Wednesday, October 05, 2011

Solar energy School Propaganda 101

The Obama administration's crony green subsidy scandal is erupting like a solar flare in Washington. But do you know what your kids are learning in their environmental education classes about this red-hot taxpayer eco-scam? Chances are: not much. Instead, the U.S. Department of Energy and the Democratic apparatchiks at the National Education Association are disseminating solar power propaganda masquerading as math and science curricula.

Titled "Solar Power and Me: The Inherent Advantages," the lesson plan for middle-school and high-school students directs them to "take note of how solar energy is incorporated into the infrastructure of various cities nationwide and write a short essay about how they would encourage solar energy use in their own town."

A worksheet labeled "All About Solar!" makes the blanket assertion that solar technologies are "a sound economical choice as they can reduce or eliminate exposure to rising electricity rates, or even eliminate one's need to pay an electrical bill! In addition, solar panels can be a smart long-term investment, with many solar vendors offering 20-30 year warranties on their products."

The only warranties worth anything from bankrupt, half-billion-dollar solar company Solyndra Inc. are the warranties on the Disney whistling robots and saunas that adorned its Taj Mahal headquarters. But I digress.

Another worksheet cheerleads the "financial savings" of "solar power and me" and coaches students to "imagine you live in amazing and sunny Anaheim, CA, where the combination of local and federal rebates covers 74 percent of your total cost of a solar panel system!" The exercise then entices the student to take out a 20-year loan on a new solar panel system to produce even greater illusory savings.

Yet another question-and-answer key reads: "How would switching to solar energy affect energy use at your home and school?" Answer: "In general, switching to solar energy would lower your home's electrical costs and reduce your emissions, thus saving money and improving the environment."

But as Brian McGraw of the free-market Competitive Enterprise Institute points out: "There might be a small niche market, but solar energy is still largely incapable of producing reliable electricity at rates that are even in the ballpark of cost competitiveness compared to coal or natural gas." Energy Secretary Steven Chu, the force behind billions of dollars' worth of rushed green energy loans overseen by deep-pocketed Obama bundlers, himself acknowledged that solar tech will need to improve five-fold before it even begins to have a cost-competitive shot.

After examining decades' worth of failed subsidized solar efforts at home and around the world, the Institute for Energy Research concludes: "Although stand-alone solar power has a certain free-market niche and does not need government favor, using solar power for grid electricity has been and will be an economic loser for ratepayers and a burden to taxpayers."

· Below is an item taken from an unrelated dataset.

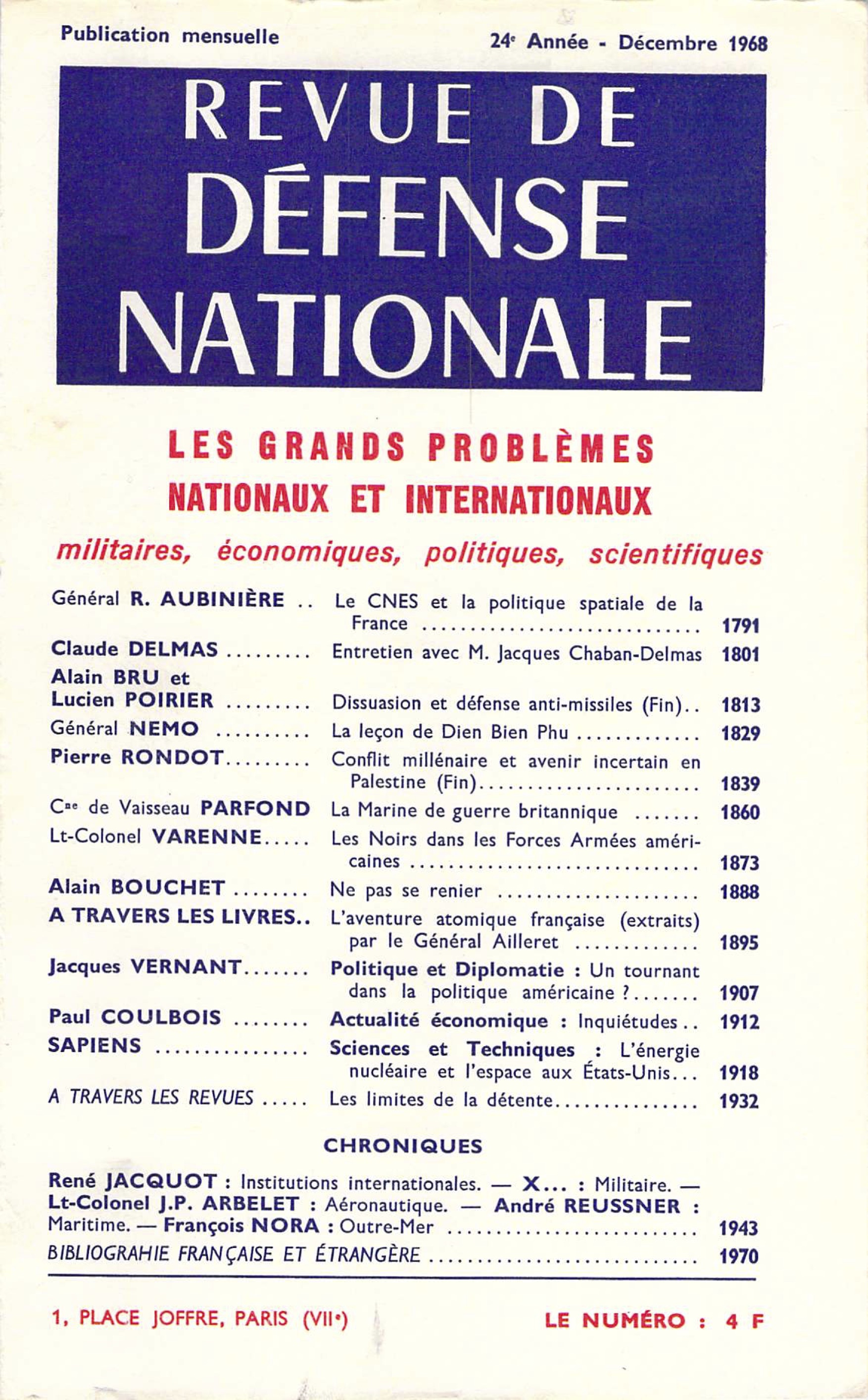 Le général Charles Ailleret est mort dans l'accident aérien du 9 mars 1968 à La Réunion. L'ancien chef d'état-major des Armées qui collabora souvent par ses articles à notre revue avait entrepris, peu de temps avant sa mort, de rassembler les souvenirs d'une carrière particulièrement variée, en un ensemble de notes et de réflexions. Le destin ne lui a pas laissé le temps de donner une forme définitive à ce travail. Néanmoins une partie de ces notes qui concerne essentiellement l'engagement nucléaire de la France, vient d'être publiée par la maison Grasset. Lire les premières lignes

The DOE/NEA curriculum encourages students to pressure politicians to pour more money into supposedly underfunded green energy schemes. But the House Budget Committee reported last week: "The president's stimulus law alone included tens of billions in new government subsidies for politically favored renewable-energy interests: $6 billion in loan guarantees for renewable energy investments; $17 billion for the Department of Energy's energy efficiency and renewable energy programs; $2 billion for energy-efficient battery manufacturing; and billions more on other 'clean-energy' programs for a total of $80 billion. Two years later, the president's promise of millions of jobs stands in stark contrast with reality."

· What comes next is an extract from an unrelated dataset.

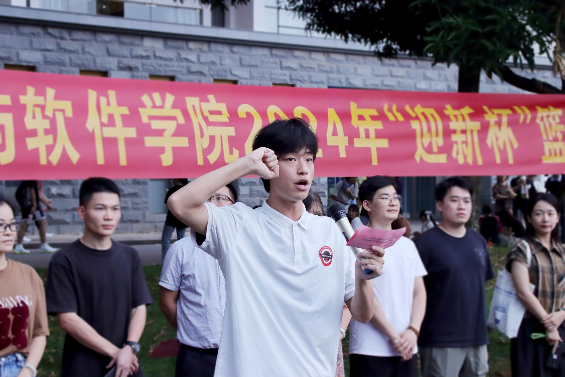 随后,“迎新杯”赞助商、21级智能科学与技术班的庞锡程同学发言。庞锡程同学首先预祝此次“迎新杯”篮球赛取得圆满成功,作为学长也希望学弟学妹们在比赛场上友谊第一,比赛第二,赛出风格,赛出水平,在青春的蓝图填上鲜活的色彩。

A more useful homework assignment would be to have these future taxpayers calculate how much their moms and dads are spending to prop up Obama's green jobs industry and its elite Democratic campaign finance donors/investors. The White House projected 65,000 new jobs from nearly $40 billion in green job stimulus spending. Instead, fewer than 3,600 jobs were created. Get out your calculators, kids: That's $4.85 million per job. Investor's Business Daily crunches the numbers further on the taxpayers' return on its DOE green loan guarantee "investments" and finds that the program will cost a whopping $23 million per job.

A separate NEA solar energy lesson plan marketed with Dow Corning teaches 5th- through 8th-graders "how solar panels work." A more apt, real-world lesson would teach them how they don't work. The myth that this alternative energy source "pays for itself" is busted with just a cursory glance at the Denver Museum of Science and Nature.

President Obama staged a photo-op on the facility's solar panel roof in 2009 when he signed the green jobs goodie-stuffed stimulus law. The museum refused to disclose electric bills before and after installation of the solar array. But after digging into the lavishly taxpayer-funded project, the Colorado-based Independence Institute discovered that the panels -- which only last 25 years -- wouldn't "pay for themselves" until the year 2118, more than a century from now.

It's elementary. The government shouldn't be in the business of picking any eco-winners or losers. "Too Green To Fail" redistributes wealth from viable private projects to pipe dreams, forces higher taxes and energy costs on everyone, and rewards partisan funders at public expense. Teach your children well. They're inheriting the bill.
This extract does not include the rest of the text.